# Fish Breeding



## kreystray_er (Apr 2, 2012)

Ok, so I've got a JD, a GT, and an Albino Tiger Oscar. Issues I'm noticing is the pairing up of the JD and the GT. They're quite young yet; with the Jack only about 3 inches, and the Terror being about an inch and a half. But, nonetheless, there are some behaviors I'm wanting to question; with those two teaming up the way that they have (with the jack constantly following and 'protecting' the terror). They seem to be protecting something, although there are no eggs yet, or any signs of breeding/mating. The tank is 90 gallons, so room at this point should not be a problem- the fish get along great, barely any charging or confrontation of any type. But at times the jack will push back on the oscar to get him away from 'something'. we've checked for eggs and have been watching for any signs of spawning, so here we are...asking for some advice on why these two fish have become almost inseparable and very protective of one another.

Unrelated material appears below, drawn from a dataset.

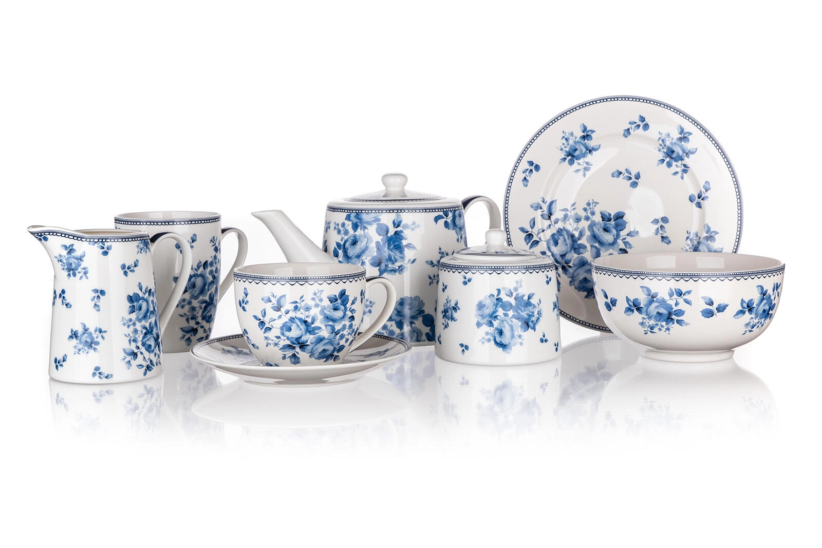Witte glazuur met blauw floraal decor Blue Flower oogt elegant en laat zich gemakkelijk combineren met ander servies en een feestelijk gedekte tafel.

uhm...i dont really know how to upload a pic...


----------



## scent troll (Apr 4, 2005)

no worries on the picture

first of all, sorry its been this long with no reply. but im here to help

the GT is probably too young to activly breed yet. jacks and GTs are closely related species. they have many of the same behaviors and personalities. its not unusual for different "like" species to pair together. and of course breeding is more then possible. but you also have a semi-aggressive cichlid tank, all be it a large enough one. what they are most likely doing is mutually getting along. will this develop into later breeding? perhaps. i doubt they have bred. but be warned that a GT/jack breeding will absolutely dominate even a large tank.

my advice is to let them be. so long as the oscar isnt getting injured or overly stressed there should be no harm done. cichlids are rough and tumble fish. its a natural behavior to see some pair up and others fight. just be absolutely aware as they grow in size of changes.


----------